EXERCISE GOAL - With the pictures omitted, print exactly the lines below, from the one containing "Eltern und Kinder" through the one containing "Striking clustered bead", and nothing else.

SUPPLIED RECORDS -
▼▼▼

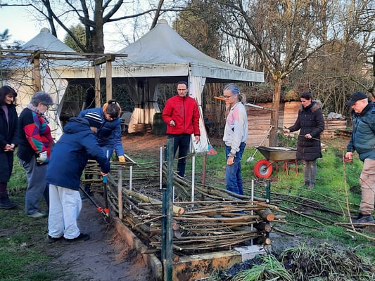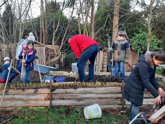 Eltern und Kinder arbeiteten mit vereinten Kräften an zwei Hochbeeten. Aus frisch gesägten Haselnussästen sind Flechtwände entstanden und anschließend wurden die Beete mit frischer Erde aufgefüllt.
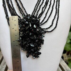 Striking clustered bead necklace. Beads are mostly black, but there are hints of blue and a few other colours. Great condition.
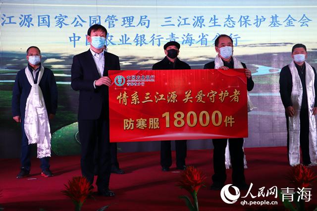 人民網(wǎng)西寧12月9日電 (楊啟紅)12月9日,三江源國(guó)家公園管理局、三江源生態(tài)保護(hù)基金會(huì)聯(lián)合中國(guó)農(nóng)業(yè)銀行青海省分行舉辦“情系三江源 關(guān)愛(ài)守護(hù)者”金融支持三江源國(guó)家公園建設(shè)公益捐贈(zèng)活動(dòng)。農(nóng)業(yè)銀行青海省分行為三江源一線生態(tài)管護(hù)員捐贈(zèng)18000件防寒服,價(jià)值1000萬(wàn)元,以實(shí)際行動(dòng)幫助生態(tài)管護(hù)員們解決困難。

▲▲▲
▼▼▼

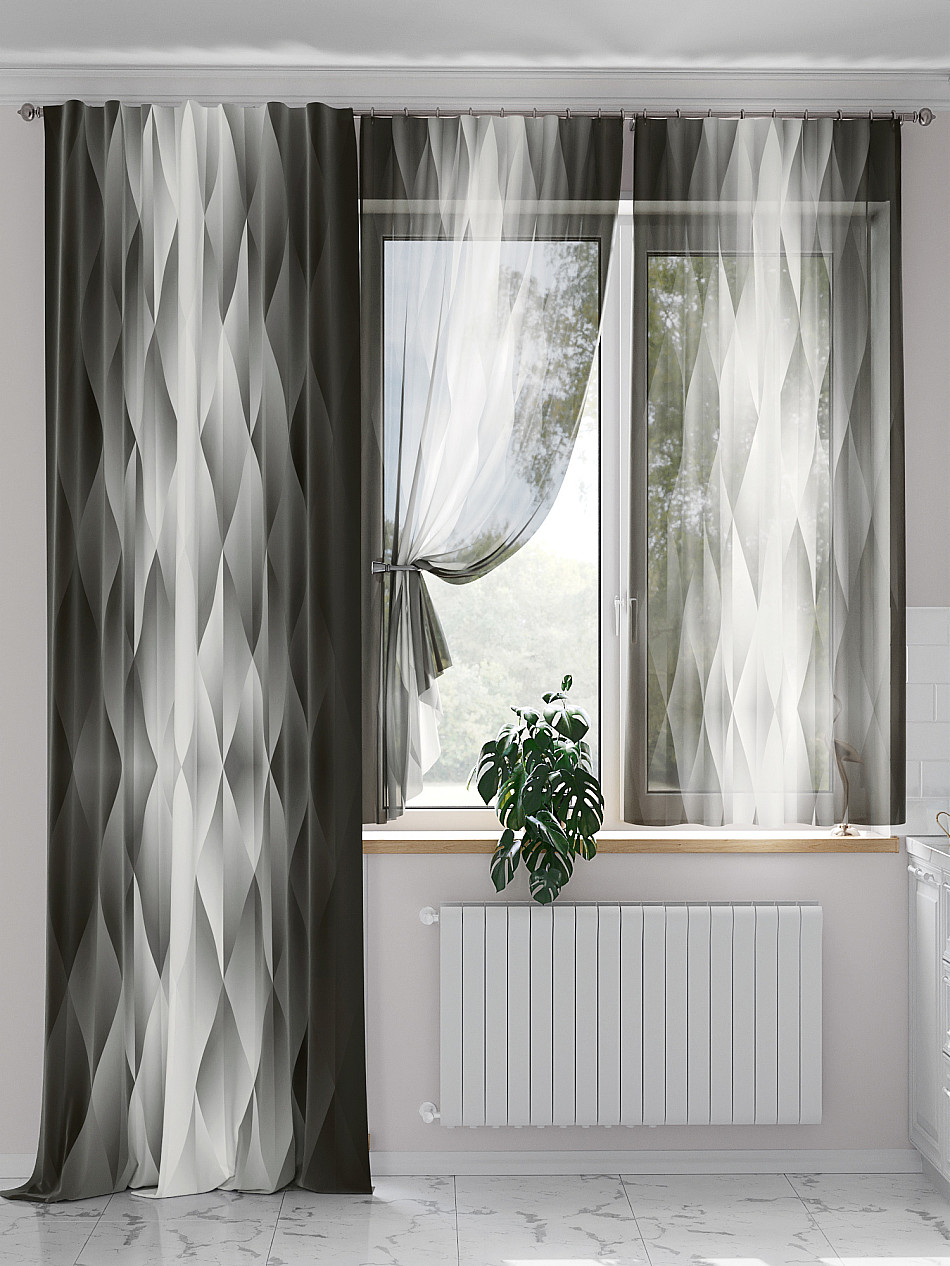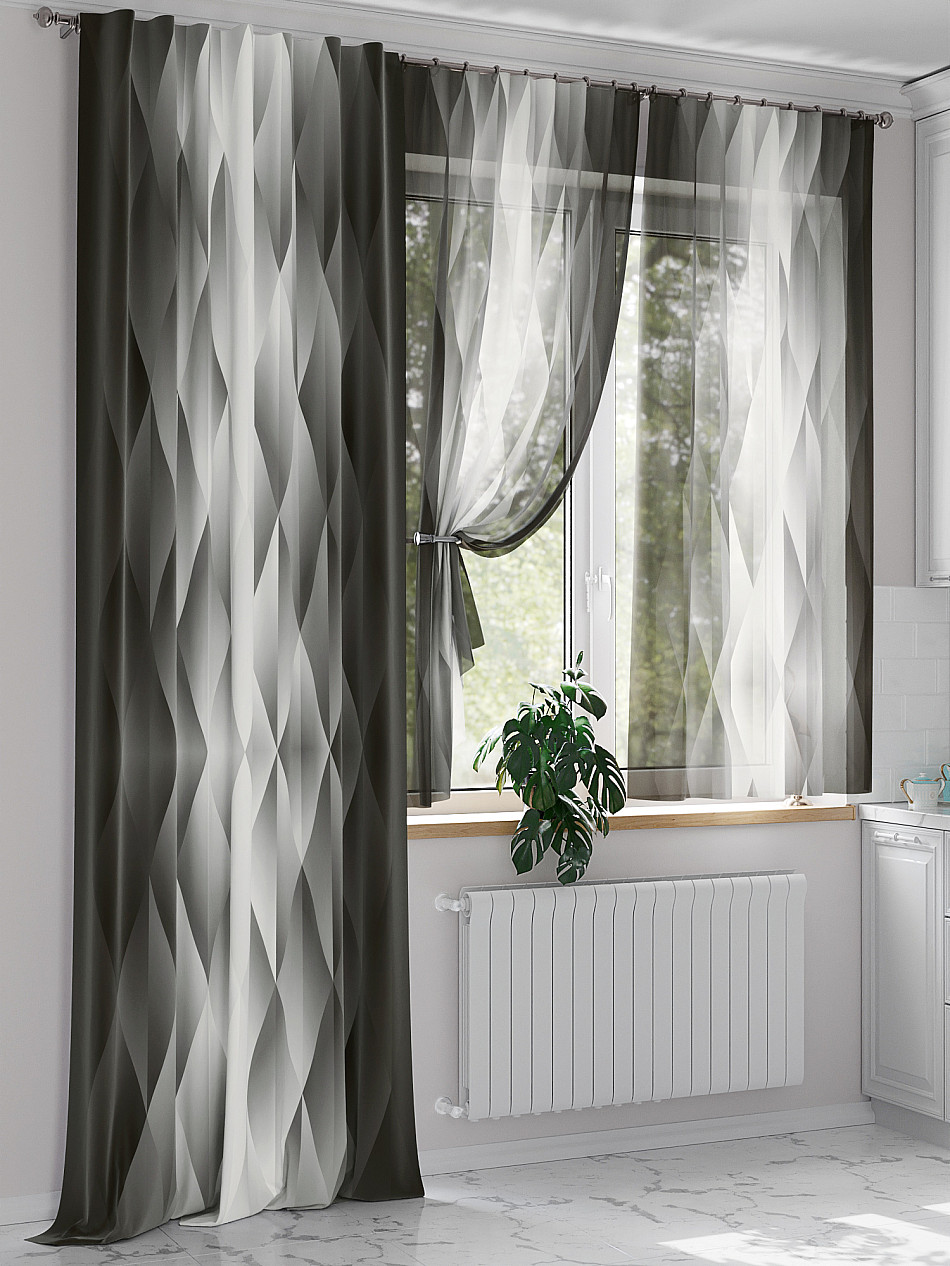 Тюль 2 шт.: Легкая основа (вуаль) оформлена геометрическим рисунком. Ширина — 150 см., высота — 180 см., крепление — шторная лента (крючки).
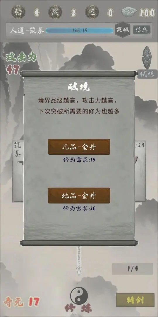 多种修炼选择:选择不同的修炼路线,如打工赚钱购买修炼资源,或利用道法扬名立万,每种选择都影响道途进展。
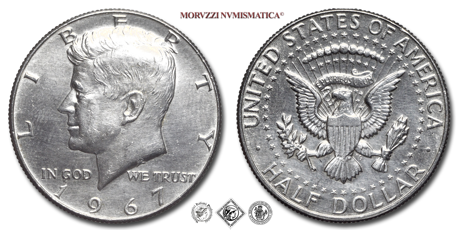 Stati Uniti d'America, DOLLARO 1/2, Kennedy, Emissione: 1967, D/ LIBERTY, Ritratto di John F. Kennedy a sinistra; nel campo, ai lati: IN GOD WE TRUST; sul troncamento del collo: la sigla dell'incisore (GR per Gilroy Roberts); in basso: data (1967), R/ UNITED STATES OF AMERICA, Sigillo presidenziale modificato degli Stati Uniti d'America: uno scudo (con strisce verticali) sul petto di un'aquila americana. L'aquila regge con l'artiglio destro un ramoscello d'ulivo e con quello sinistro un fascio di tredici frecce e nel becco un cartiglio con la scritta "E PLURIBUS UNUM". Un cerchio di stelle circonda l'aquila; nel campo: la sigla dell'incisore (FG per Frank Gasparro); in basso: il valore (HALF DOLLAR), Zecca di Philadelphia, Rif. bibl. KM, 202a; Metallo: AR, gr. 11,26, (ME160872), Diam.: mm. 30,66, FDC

▲▲▲
▼▼▼

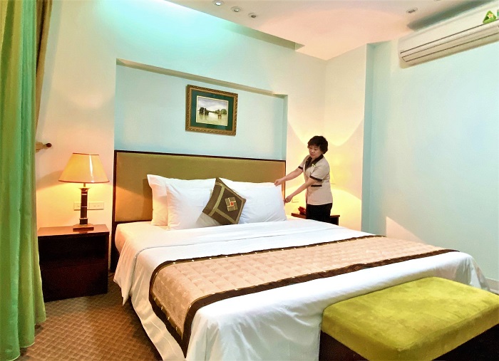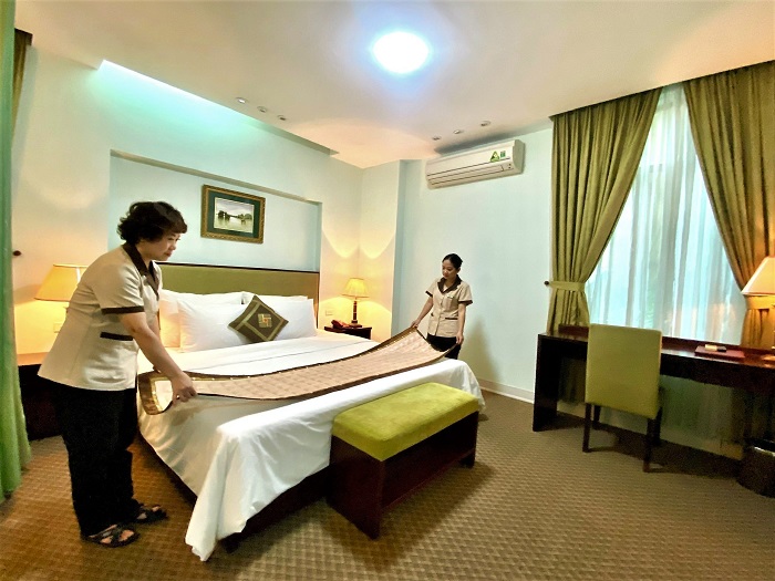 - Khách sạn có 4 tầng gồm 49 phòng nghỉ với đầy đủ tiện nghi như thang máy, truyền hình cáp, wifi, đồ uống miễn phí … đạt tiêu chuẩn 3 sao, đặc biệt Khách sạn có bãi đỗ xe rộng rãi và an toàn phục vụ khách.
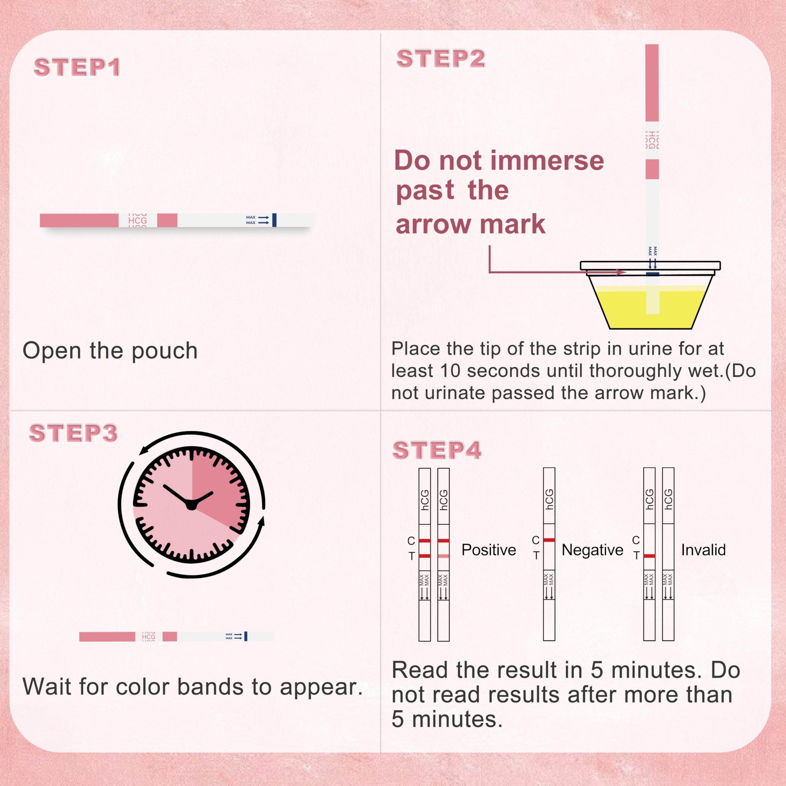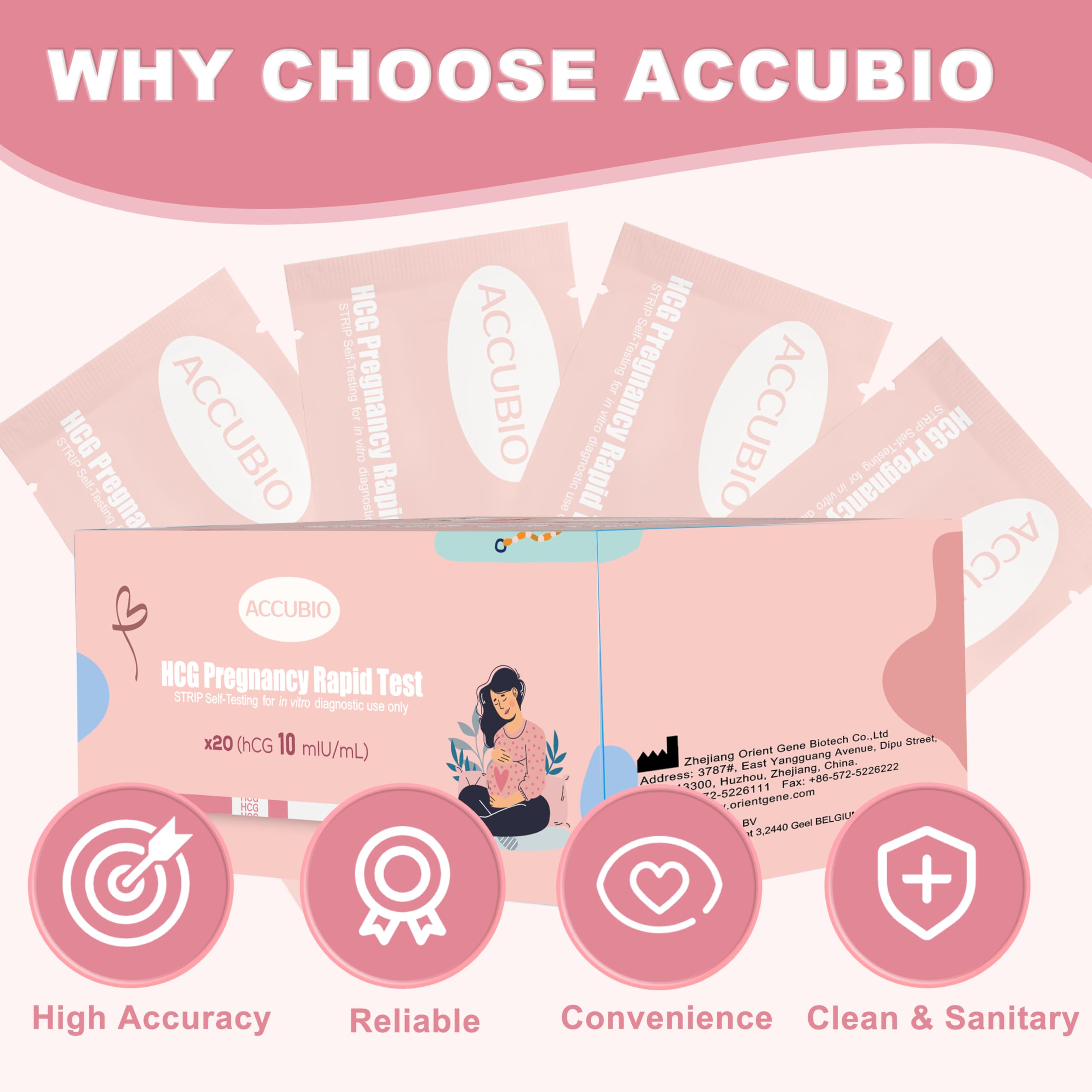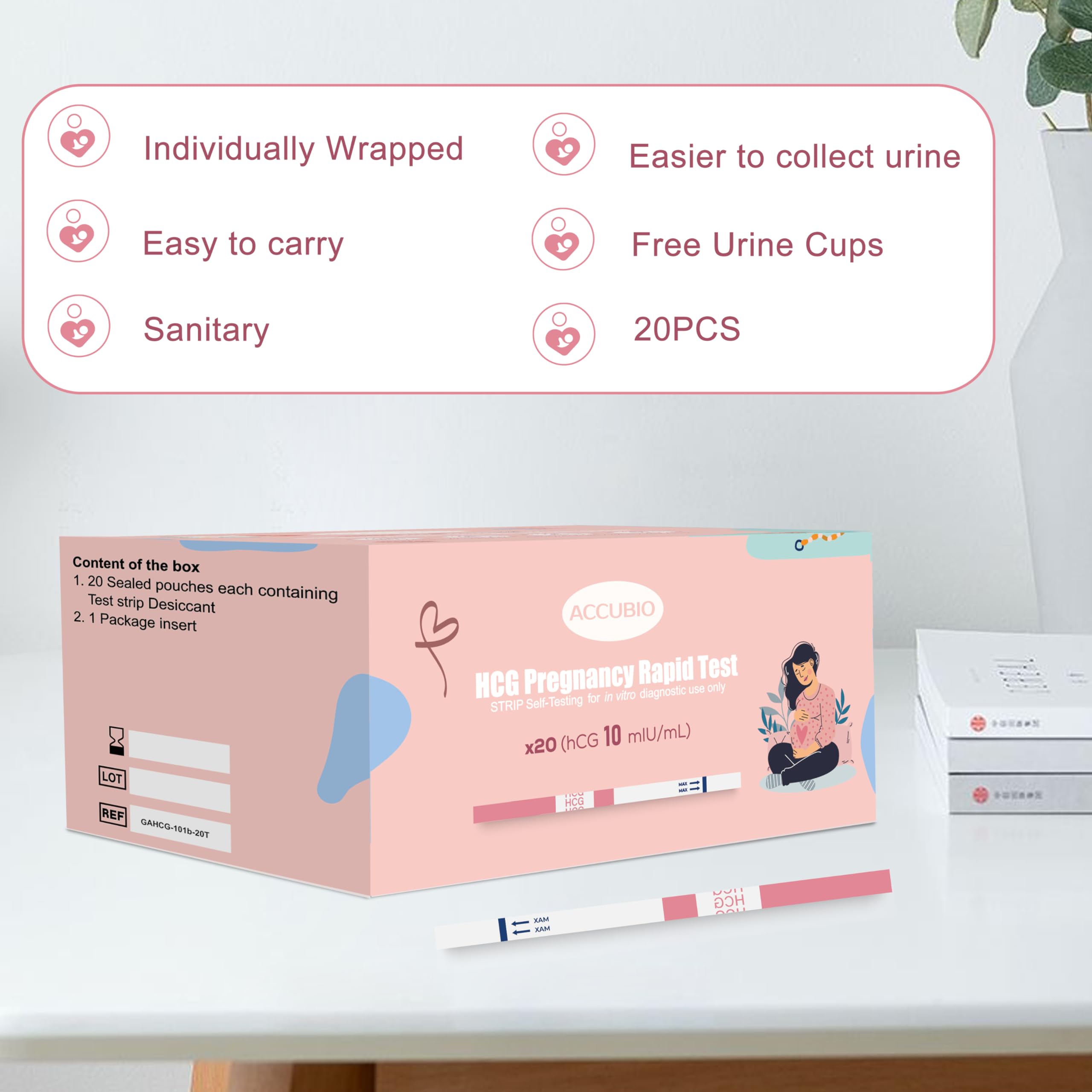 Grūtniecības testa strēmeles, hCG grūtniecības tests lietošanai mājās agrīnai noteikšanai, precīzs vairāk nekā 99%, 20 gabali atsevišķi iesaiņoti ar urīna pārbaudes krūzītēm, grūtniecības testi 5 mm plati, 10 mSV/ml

▲▲▲

EXERCISE RESPONSE -
 Eltern und Kinder arbeiteten mit vereinten Kräften an zwei Hochbeeten. Aus frisch gesägten Haselnussästen sind Flechtwände entstanden und anschließend wurden die Beete mit frischer Erde aufgefüllt.
 Striking clustered bead necklace. Beads are mostly black, but there are hints of blue and a few other colours. Great condition.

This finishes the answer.